▸ **WORK REQUIRED**
Retype only the lines below from the one with "步骤10、再倒入切好的蒜碎,一定要小火不然会糊,煸出蒜香;" to the one with "이게 내 첫 뜨개옷이다.", inclusive, skipping every image.

▸ **SOURCE MATERIAL**
____________________
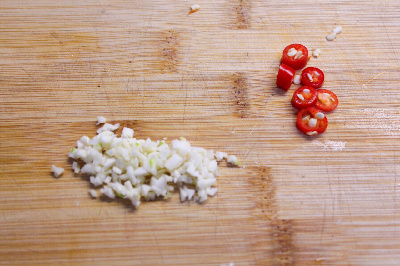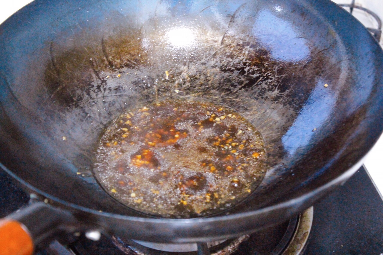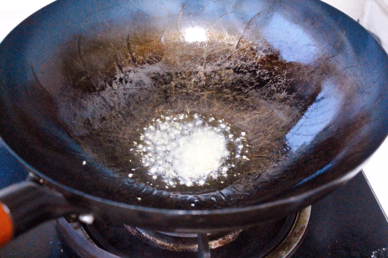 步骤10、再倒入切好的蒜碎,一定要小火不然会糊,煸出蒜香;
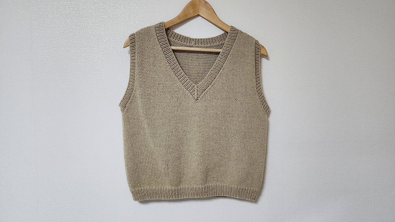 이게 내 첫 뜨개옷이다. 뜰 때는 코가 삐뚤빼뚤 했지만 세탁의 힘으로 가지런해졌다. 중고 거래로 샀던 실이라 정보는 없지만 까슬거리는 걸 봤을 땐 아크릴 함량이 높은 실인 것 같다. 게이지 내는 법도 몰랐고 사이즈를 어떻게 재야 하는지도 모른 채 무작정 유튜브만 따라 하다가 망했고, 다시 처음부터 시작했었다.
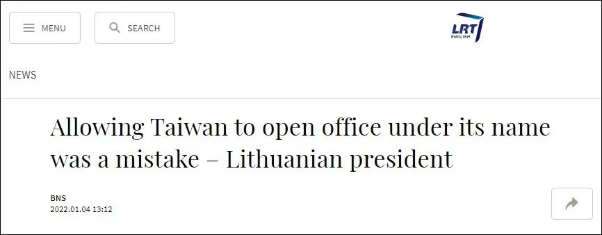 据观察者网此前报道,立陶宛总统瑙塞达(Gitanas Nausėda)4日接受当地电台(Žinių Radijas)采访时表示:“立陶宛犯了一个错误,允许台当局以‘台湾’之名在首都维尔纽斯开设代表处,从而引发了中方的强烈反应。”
____________________
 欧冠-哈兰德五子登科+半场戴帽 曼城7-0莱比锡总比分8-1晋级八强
____________________
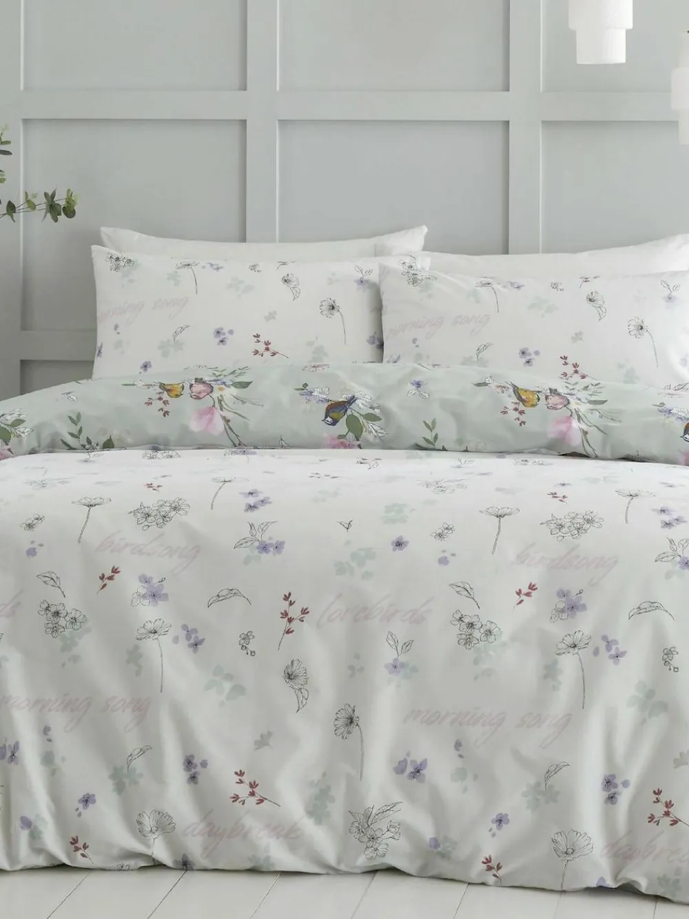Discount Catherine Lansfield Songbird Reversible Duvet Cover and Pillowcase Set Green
____________________
▸ **RESPONSE AREA**
 步骤10、再倒入切好的蒜碎,一定要小火不然会糊,煸出蒜香;
 이게 내 첫 뜨개옷이다. 뜰 때는 코가 삐뚤빼뚤 했지만 세탁의 힘으로 가지런해졌다. 중고 거래로 샀던 실이라 정보는 없지만 까슬거리는 걸 봤을 땐 아크릴 함량이 높은 실인 것 같다. 게이지 내는 법도 몰랐고 사이즈를 어떻게 재야 하는지도 모른 채 무작정 유튜브만 따라 하다가 망했고, 다시 처음부터 시작했었다.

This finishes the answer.